Aquinas Five Logical Arguments to Prove the Existence of God

            Aquinas Fifth Way of proving the existence of God.

             Question: Briefly summarize Aquinas" Fifth Way of proving the existence of God. What counter-argument does Hume cite in answer to this argument from Design? What is John Hick"s answer to Hume"s argument from Evil? Is he right?.

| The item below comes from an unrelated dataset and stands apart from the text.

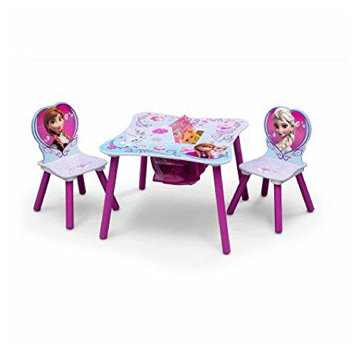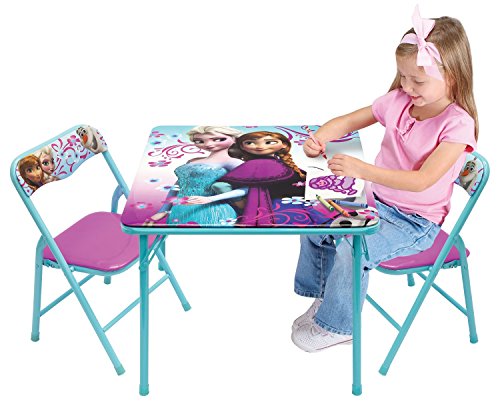 Now your child can play with her favorite characters, Anna and Elsa with the Frozen Activity Table Set. The Set comes with 1 table & 2 chairs. Bright colorful graphics & large table surface for drawing, eating & playing. Vinyl surface is washable. Made of sturdy metal tubular construction. Adult assembly required, tool included. Chairs include a Safety Locking Mechanism. Chairs have a recommended weight limit of 70 lbs. 24" x 24" Table with 2 Padded Chairs.Feature

             Thomas Aquinas theorized five different logical arguments to prove the existence of God utilizing scientific hypotheses and basic assumptions of nature. In the fifth of his famous "Five Ways", Aquinas sets forth the assumption that all natural bodies move toward an end. Since bodies are constantly moving in the best way possible to achieve that end, the path must be designed. God, of course, is the ultimate designer of the universe. The natural hypothesis that follows is that God created the universe, including the human race, for a purpose or to achieve an end, and thus the universe and all life moves toward that end constantly and in the best manner possible.

             Later philosophers who studied Aquinas" fifth way realized that this theorem is plagued with a problem, the problem of evil. In David Hume"s Design, through the art of conversation and Socratic debate, the two main characters in his essay set forth and decipher the problems of evil and how it may disprove Aquinas" fifth way among countless other theories of creation by a omnipotent, omniscient and benevolent God. Hume explains that if God created the universe to achieve an end, and if the path toward that end is the best manner to that end, then how does one explain the existence of evils in the universe such as natural disasters, pain, disappointment, anger, sickness and despair.

             Hume uses the two characters in his essay to display the human point of view regarding the problem of evil, so that he can theorize using actual human experience, feelings, and sensations rather than logical assumptions and scientific hypotheses regarding a universe outside and beyond our own human existence.